Data block:
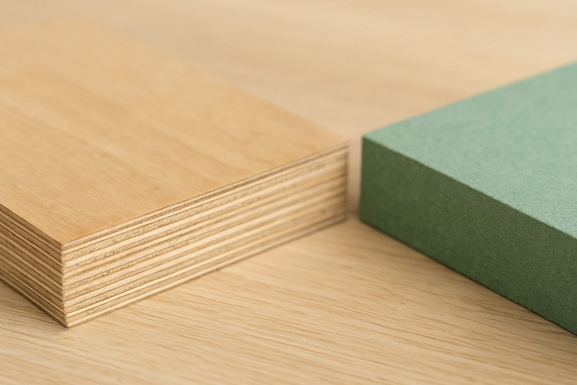 | โครงสร้างภายใน | ไม้จริงหลายชั้น อัดสลับเสี้ยน ทำให้แข็งแรงและยืดหยุ่นสูง | ผงไม้และกาวอัดแน่น เป็นเนื้อเดียวกันทั่วแผ่น |
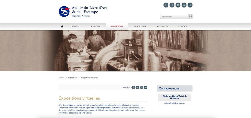 La BnF n’est pas le seul organisme d’État à proposer des expositions virtuelles autour du livre. Ainsi l’Imprimerie nationale présente-t-elle sur son site une exposition consacrée à ses caractères spécifiques. Du Garamond de François Ier au Gauthier des années 1970, en passant par le Grandjean de Louis XIV, chaque caractère est présenté au moyen d’un petit paragraphe explicatif et d’une photographie de boîte de poinçons.
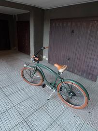 Vendo splendida bicicletta cruiser vintage “California Dream”, un pezzo dal forte carattere retrò ispirato alle classiche bici americane da spiaggia. Questa bici non è una semplice city bike: è un vero oggetto di stile. Le linee morbide del telaio, il manubrio alto e la sella ampia con scritta “California Dream” richiamano il fascino delle cruiser anni ’50/’60, oggi sempre più ricercate. Il colore verde opaco, abbinato ai dettagli marroni (sella e manopole), crea un look elegante e senza tempo. Perfetta sia da usare che da esporre. ✨ Punto forte: La sella “California Dream” la rende unica e riconoscibile, ideale per chi vuole distinguersi. 🔧 Caratteristiche: •Telaio cruiser vintage con linea curva •Sella larga e super comoda •Manubrio alto stile retrò •Copertoni larghi per stabilità •Portapacchi anteriore •Cavalletto incluso 🚲 Ideale per: •Amanti del vintage •Passeggiate in città •Chi cerca una bici particolare 📍 Ritiro a mano a Casalpusterlengo Contattami per info o per vederla!
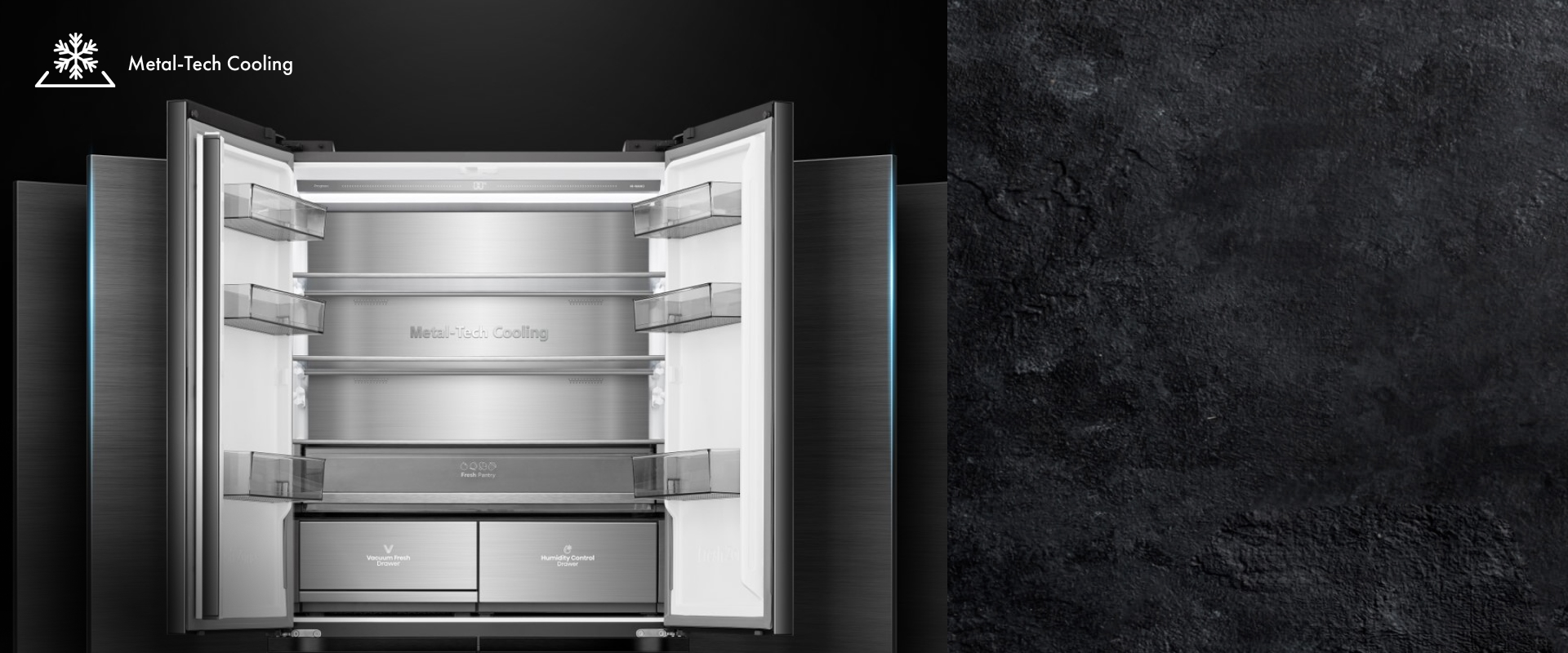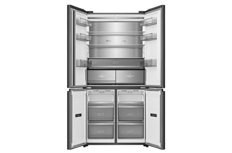 Задняя стенка холодильника покрыта нержавеющей сталью, что обеспечивает равномерное распределение холодного воздуха изнутри наружу. Такое сочетание передовых технологий обеспечивает идеальный температурный режим, предотвращая потерю холодного воздуха и образование инея в холодильнике.

Task description:
Exactly as written, restate the lines above from the opening line through the one holding "La BnF n’est", omitting the pictures.

Output for this task:
 | โครงสร้างภายใน | ไม้จริงหลายชั้น อัดสลับเสี้ยน ทำให้แข็งแรงและยืดหยุ่นสูง | ผงไม้และกาวอัดแน่น เป็นเนื้อเดียวกันทั่วแผ่น |
 La BnF n’est pas le seul organisme d’État à proposer des expositions virtuelles autour du livre. Ainsi l’Imprimerie nationale présente-t-elle sur son site une exposition consacrée à ses caractères spécifiques. Du Garamond de François Ier au Gauthier des années 1970, en passant par le Grandjean de Louis XIV, chaque caractère est présenté au moyen d’un petit paragraphe explicatif et d’une photographie de boîte de poinçons.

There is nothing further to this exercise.